__Assigned task__: The whole listing below needs to be duplicated exactly, pictures aside.
--- Recorded data Enclosed Below ---
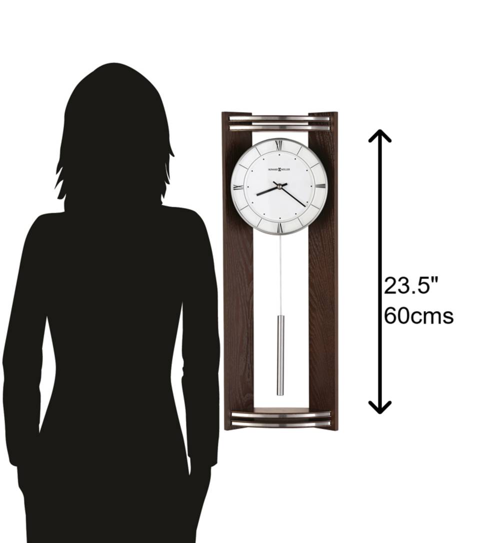 Behind the Aesthetic: Attention to detail, superior materials, and masterful workmanship set this wooden wall clock apart. Made with warm wood in a shade of deep black coffee, it has angled side panels bolstered by additional panels at the top and bottom. Each of those is beautifully enhanced with a pair of decorative bands in a satin silver finish. At its heart is an eye-catching white dial with a recessed center. The square hour markers and black hour and minute hands offer a touch of contrast, while sleek Roman numerals and bar-style hour markers grace the glass crystal front. The perfect finishing touch is an exquisite pendulum that hangs gracefully below. It features a silver-finished cylindrical bob and a round stick accent.
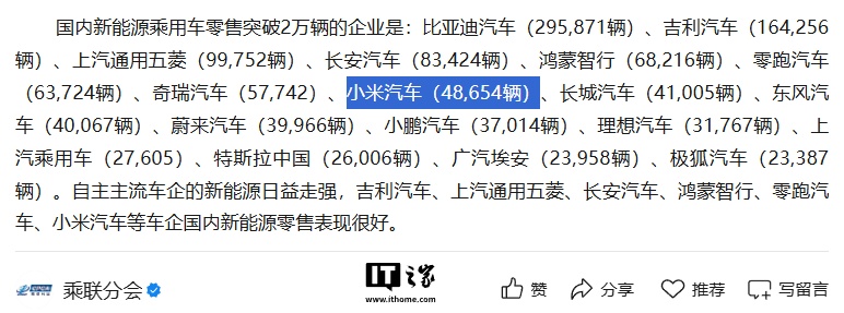 11月10日,小米汽车官方微博宣布,2025年10月小米汽车交付量持续超过40000台。根据乘联分会公布的数据,小米汽车新能源乘用车零售销量达到48654辆,其中小米YU7车型批发销量超过33662辆,已超过特斯拉Model Y。特斯拉10月批发销量为6.15万辆,包含出口3.54万辆,实际国内销量为2.6万辆。
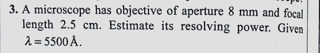 A microscope has objective of aperture 8 mm and focal length 2.5 cm. Estimate its resolving power. Given lemda = 5500 A. A microscope has objective of aperture 8 mm and focal length 2.5 cm. Estimate its resolving power. Given lemda = 5500 A. October 11, 2020 Category: Uncategorised (JEE Advanced Physics by BM Sharma + GMP Solutions) , Facebook Messenger WhatsApp Share this:TwitterFacebook Related
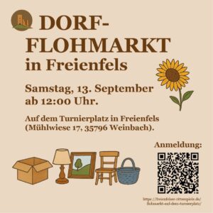 Am 13. September findet auf dem Turnierplatz in Freienfels ein Dorf-Flohmarkt statt. Der Flohmarkt beginnt um 12:00 Uhr und dauert bis in den späten Nachmittag. Auf dem weitläufigen Gelände haben zahlreiche Teilnehmende aus Freienfels und der Umgebung ausreichend Platz, ihre Waren anzubieten. Jeder Standplatz bietet die Möglichkeit, das eigene Auto direkt hinter dem Stand zu parken. Der Förderverein zur Erhaltung der Burgruine Freienfels sorgt für die kulinarische Versorgung – auch bis in die Abendstunden hinein. Interessierte können sich >> hier << registrieren.
--- End of Enclosed Recorded data ---
__Task response__:
 Behind the Aesthetic: Attention to detail, superior materials, and masterful workmanship set this wooden wall clock apart. Made with warm wood in a shade of deep black coffee, it has angled side panels bolstered by additional panels at the top and bottom. Each of those is beautifully enhanced with a pair of decorative bands in a satin silver finish. At its heart is an eye-catching white dial with a recessed center. The square hour markers and black hour and minute hands offer a touch of contrast, while sleek Roman numerals and bar-style hour markers grace the glass crystal front. The perfect finishing touch is an exquisite pendulum that hangs gracefully below. It features a silver-finished cylindrical bob and a round stick accent.
 11月10日,小米汽车官方微博宣布,2025年10月小米汽车交付量持续超过40000台。根据乘联分会公布的数据,小米汽车新能源乘用车零售销量达到48654辆,其中小米YU7车型批发销量超过33662辆,已超过特斯拉Model Y。特斯拉10月批发销量为6.15万辆,包含出口3.54万辆,实际国内销量为2.6万辆。
 A microscope has objective of aperture 8 mm and focal length 2.5 cm. Estimate its resolving power. Given lemda = 5500 A. A microscope has objective of aperture 8 mm and focal length 2.5 cm. Estimate its resolving power. Given lemda = 5500 A. October 11, 2020 Category: Uncategorised (JEE Advanced Physics by BM Sharma + GMP Solutions) , Facebook Messenger WhatsApp Share this:TwitterFacebook Related
 Am 13. September findet auf dem Turnierplatz in Freienfels ein Dorf-Flohmarkt statt. Der Flohmarkt beginnt um 12:00 Uhr und dauert bis in den späten Nachmittag. Auf dem weitläufigen Gelände haben zahlreiche Teilnehmende aus Freienfels und der Umgebung ausreichend Platz, ihre Waren anzubieten. Jeder Standplatz bietet die Möglichkeit, das eigene Auto direkt hinter dem Stand zu parken. Der Förderverein zur Erhaltung der Burgruine Freienfels sorgt für die kulinarische Versorgung – auch bis in die Abendstunden hinein. Interessierte können sich >> hier << registrieren.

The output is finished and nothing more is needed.